Medicare Advantage received its biggest boost in 2003 under George W. Bush, whose administration, through the disingenuously termed Medicare Modernization Act, gave the program its current name and, more importantly, larded it with generous federal operating subsidies so insurers could advertise their wares, compete with low-cost government Medicare, and make a healthy profit besides. By 2009, those administrative subsidies had added 14% to the cost of running advantage plans as opposed to traditional Medicare. The Obama administration has been trying since, with mixed success, to reduce or end this corporate welfare.

The need for subsidization puts the lie to Medicare Advantage’s myth of economic efficiency, and its actual performance undermines the associated marketplace claim of the inherent superiority of a private benefit-delivery system. The nonprofit Center for Medicare Advocacy points out that advantage plans, geared to younger, healthier seniors, are notoriously stingy with benefits, especially as applied to the very sick, who can’t get nearly as good home-nursing or physical-therapy services as they can under traditional Medicare.

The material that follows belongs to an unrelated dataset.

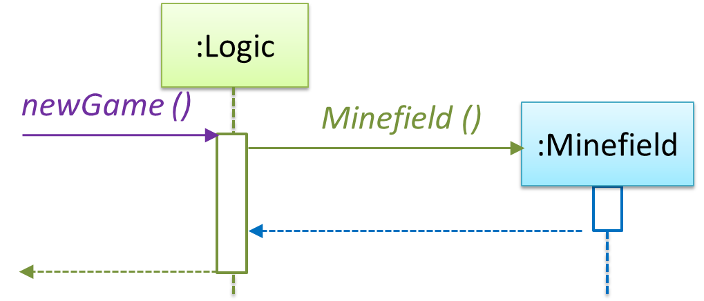 Now, let us look at what other objects and interactions are needed to support the newGame() operation. It is likely that a new Minefield object is created when the newGame() method is called.

Then, there are the other twin privatization plagues weakening America’s elder health-care system: the soaring cost of prescription drugs and rising doctors’ salaries. By failing to provide for required price negotiations between the Medicare program and the profit-mongering pharmaceutical companies, Congress has allowed Medicare drug spending to steadily rise; it went up nearly 14% overall in 2014, and it’s headed higher in 2015. And by relying on biased American Medical Association recommendations when setting Medicare’s physician pay schedules, the government has allowed the market to further inflate the program’s budget.

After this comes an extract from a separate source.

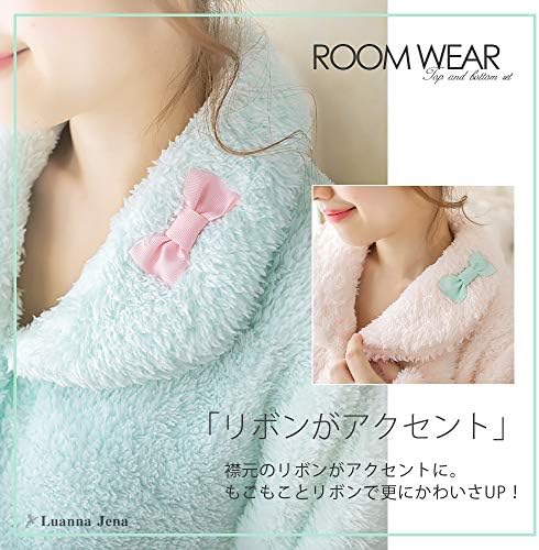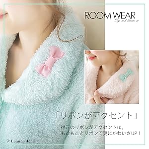 【シャーベットカラー】ピンクとグリーンのシャーベットカラーはやさしい色合いで夜のリラックスタイムにぴったり。えり元のリボンアクセントでさらにかわいさUP!寒い冬の夜はキュートなルームウェアで楽しく過ごしましょう。

The failure to control market forces and, indeed, the encouragement of their creeping inroads into Medicare has left federal policy makers only one recourse in controlling costs: sticking it to the patients by cutting the program itself, thereby weakening its effectiveness and legitimizing calls for further privatization. The Budget Control Act of 2011 made across-the-board austerity cuts to Medicare, and the Obama administration’s new budget proposal for 2015 calls for another $400 billion in Medicare and Medicaid reductions over the next decade.

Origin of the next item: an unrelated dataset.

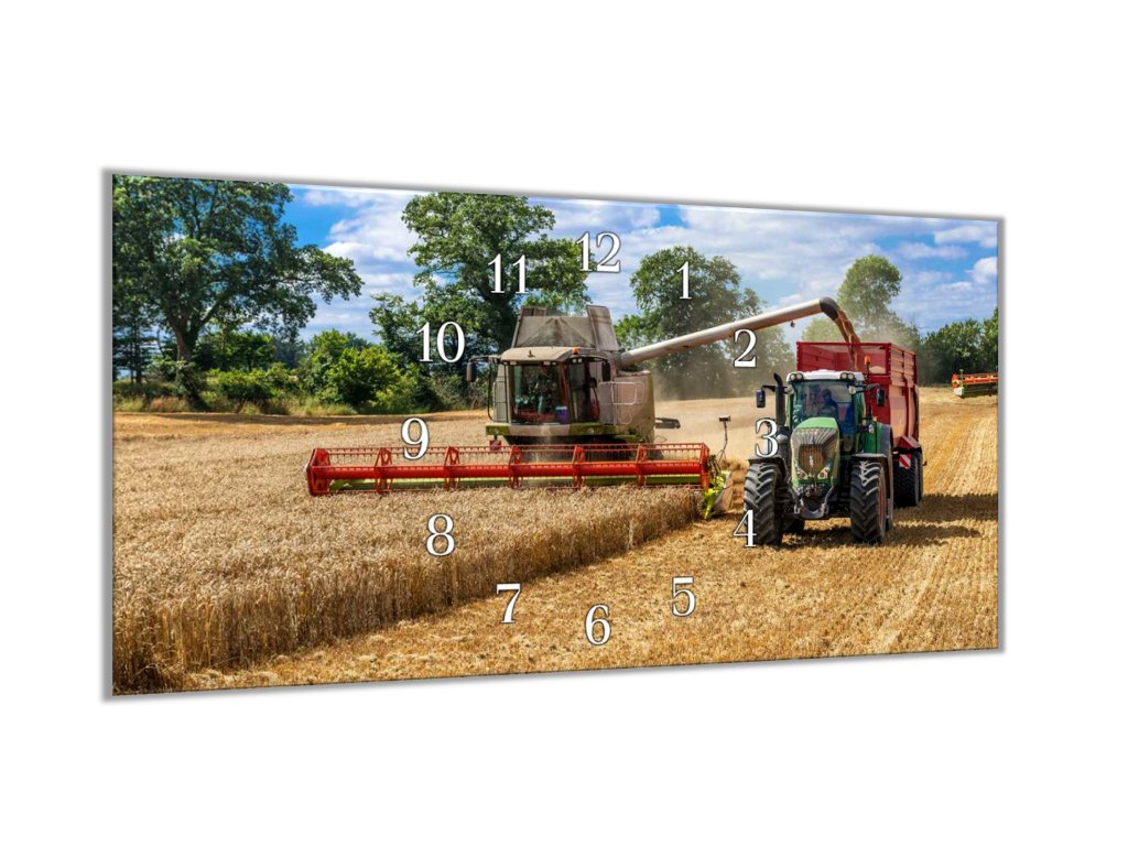 Nástěnné hodiny 30x60cm traktor a kombajn na poli

The president has tentatively introduced such counterproductive proposals as a co-pay for new Medicare beneficiaries getting home health-care services, a premium surcharge on those buying overly “generous” Medigap policies, and reduced Medicare support for teaching hospitals and small, rural hospitals or nursing homes caring for the disabled. Worst of all, perhaps, is the White House acceptance of the old skin-in-the-game argument (shades of Jonathan Gruber and the ACA Cadillac tax), with its misleading claim that good supplemental Medicare insurance “reduces the incentive for people to consider the cost of health care.”

In other words, if we make it more out-of-pocket expensive to see the doctor, maybe the public won’t use the system as much, thereby saving Medicare dollars. Sounds like an idea Jeb Bush and Paul Ryan could endorse.

Wayne O’Leary is a writer in Orono, Maine, specializing in political economy. He holds a doctorate in American history and is the author of two prizewinning books.